Not one to back down from fierce intellectual engagement, the author of Born On A Tuesday (which in itself is a fictional narrative bordering on insurgency and religious fanaticism) is known for using his penmanship to tackle relevant socio-political issues with a blend of candour and cheeky sarcasm, and is quick to describe himself as “being in an abusive relationship with Nigeria.”

Be(com)ing Nigeria: A Guide, published by Cassava Republic Press, is a non-fictional book that attempts to shed light on the Nigerian condition with all the non-inciting but brutal honesty that satire demands.

It could be seen as a collection of essays, wherein John captures (almost) all the things that are wrong with the polity in the nicest way possible. He expresses his intent to ruffle feathers in the first few pages, wherein he dedicates the book “to all who feel personally attacked or offended by something” he would write. The first chapter begins a largely altered and ‘nationalised’ account of the biblical creation story, which runs along the lines of:

“In the beginning the British created the Northern and Southern protectorates. Now, the nation was formless and empty and darkness covered our collective identity.

And the British said: ‘Let there be Nigeria.’ And there was Nigeria. And the British saw that Nigeria was good (for them) and they separated the ruling class from the serfs.

And the British said: ‘Just as we have a vault between us and you, let there be a vault to separate the rulers from the citizens.’

So the British created Nigeria in their own image, in the image of their colonial rulership they created it; oppressor and oppressed they created them. And there was independence from the British and there were coups and counter coups and there were military dictators.

And the decades passed and the military rulers stripped their garbs and uniforms and transformed into civilian rulers. And they declared: ‘Old things have passed away and all things have become new…’

This sets the tone for the rest of the book, with thinly veiled digs and not-so-subtle jabs thrown at virtually everyone: the government is called out for enabling the monopoly exercised by a certain renowned business tycoon, the randy clergymen gets a mention for displaying “a level of grace that we do not understand”, and the overly religious are indicted for the sanctimonious manner in which they conduct their affairs, with references to the fact that “the Nigerian God doesn’t care if you have neighbours and neither should you. When you are worshipping in your house, make sure the neighbours can’t sleep. Use loud speakers even if you are only two in the building. Anyone who complains must be evil. God will judge such a person.”

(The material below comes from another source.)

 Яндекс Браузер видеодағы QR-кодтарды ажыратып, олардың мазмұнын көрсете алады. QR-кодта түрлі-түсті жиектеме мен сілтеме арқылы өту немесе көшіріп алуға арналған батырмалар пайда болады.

There are also commentaries on the manner in which journalists conduct news reporting (especially in the event of tragedy), the subtle fraud perpetrated by (a few) Non-Governmental Organisations, general attitude of Nigerians to time management, and the tendency to resort to denial as a coping mechanism in the face of health complications. Politicians and creatives are not spared either, and there are more than a few words that add up to a comedic depiction of the lifestyle depicted by returnees, expatriates and social media enthusiasts. How To Show Love is an essay that paints a picture of the chauvinism and emotional abuse that bedevils Nigerian relationships, and child labour is elaborately discussed here too.

A few of the essays in this compilation may not be new to ardent followers of Elnathan John’s blog, but the delivery is no less potent when all the pieces are placed together. The writing is irreverent, witty, and savage in certain portions, with adequate sprinklings of sarcasm.

It is a more wholesome version of Bayo Olupohunda’s Are You Not A Nigerian? and more third-person in nature than Victor Ekikhamenor’s Excuse Me. You just wish that he did not have to use the term “hustle” to an ad nauseam effect. It is worthy of note, too, how this book proves that most of the problems pointed out in Peter Enahoro’s 1966 classic, How To Be A Nigerian, still exist to the day, with little hope for any positive change.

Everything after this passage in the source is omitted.